Open GuacheSuede opened 5 years ago
@boazsegev Thanks for the detailed response, i think libH2O/ H2o Server is very similar to Facil.IO in performance too.
@boazsegev would you be able to pin point the code segment that throttles ?
@GuacheSuede , the throttling code is here.
Basically, once the pipeline_limit
is reached (8 requests), facil.io will stop handling further requests and force the connection to the end of the event queue - which means that the IO reactor polling will occur before any further request handling.
P.S. (edit)
Also, the connection itself is excluded from the IO reactor during this cycle.
@boazsegev Assuming overhead was of no concern within reasonable limits, what would you improve in facilIO to improve speed ?
@GuacheSuede , that's a great question.
Performance isn't just speed. Security, memory use, energy consumption and development ease are also consideration (IMHO).
Honestly, I don't know where I would improve.

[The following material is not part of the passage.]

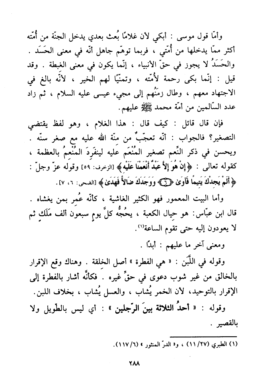 [15] وَأما قَول مُوسَى: أبْكِي لِأَن غُلَاما بعث بعدِي يدْخل الْجنَّة من أمته أَكثر مِمَّا يدخلهَا من أمتِي، فَرُبمَا توهم جَاهِل أَنه فِي معنى الْحَسَد. والحسد لَا يجوز فِي حق الْأَنْبِيَاء، إِنَّمَا يكون فِي معنى الْغِبْطَة. وَقد قيل: إِنَّمَا بَكَى رَحْمَة لأمته، وتمنيا لَهُم الْخَيْر، لِأَنَّهُ بَالغ فِي الِاجْتِهَاد مَعَهم، وَطَالَ زمنهم إِلَى مَجِيء عِيسَى عَلَيْهِ السَّلَام، ثمَّ زَاد عدد السالمين من أمة مُحَمَّد صلى الله عَلَيْهِ وَسلم عَلَيْهِم. [15] فَإِن قَالَ قَائِل: كَيفَ قَالَ: هَذَا الْغُلَام، وَهُوَ لفظ يَقْتَضِي التصغير؟ فَالْجَوَاب: أَنه تعجب من منَّة الله عَلَيْهِ مَعَ صغر سنه. وَيحسن فِي ذكر النعم تَصْغِير الْمُنعم عَلَيْهِ لينفرد الْمُنعم بالعظمة، كَقَوْلِه تَعَالَى: {إِن هُوَ إِلَّا عبد أنعمنا عَلَيْهِ} [الزخرف: 59] وَقَوله عز وَجل: {ألم يجدك يَتِيما فآوى ووجدك ضَالًّا فهدى} [الضُّحَى: 6، 7] . [15] وَأما الْبَيْت الْمَعْمُور فَهُوَ الْكثير الغاشية، كَأَنَّهُ عمر بِمن يَغْشَاهُ. [15] قَالَ ابْن عَبَّاس: هُوَ حِيَال الْكَعْبَة، يحجه كل يَوْم سَبْعُونَ ألف ملك ثمَّ لَا يعودون إِلَيْهِ حَتَّى تقوم السَّاعَة. [15] وَمعنى آخر مَا عَلَيْهِم: أبدا. [15] وَقَوله فِي اللَّبن: " هِيَ الْفطْرَة " أصل الْخلقَة. وَهُنَاكَ وَقع الْإِقْرَار بالخالق من غير شوب دَعْوَى فِي حق غَيره. فَكَأَنَّهُ أَشَارَ بالفطرة إِلَى الْإِقْرَار بِالتَّوْحِيدِ، لِأَن الْخمر يشاب، وَالْعَسَل يشاب، بِخِلَاف اللَّبن. [15] وَقَوله: " أحد الثَّلَاثَة بَين الرجلَيْن ": أَي لَيْسَ بالطويل وَلَا بالقصير.

Testing with Valgrind shows that a lot of time is spent on string data management and hash map rehashing (especially when adding headers to the output and formatting the HTTP output).
This is a direct result of copying data from the HTTP parser and delaying data "writes" to the HTTP output stream...
This was a compromise between speed on one hand and memory consumption and security on the other (as well as some features that resulted from the approach). I debated about this choice for a long time, since I'm saving memory and adding flexibility at the expense of CPU.
On the other hand, I provide example code that avoids data copying (while sacrificing the resulting features and flexibility)... So people who prefer speed can easily use facil.io for speed.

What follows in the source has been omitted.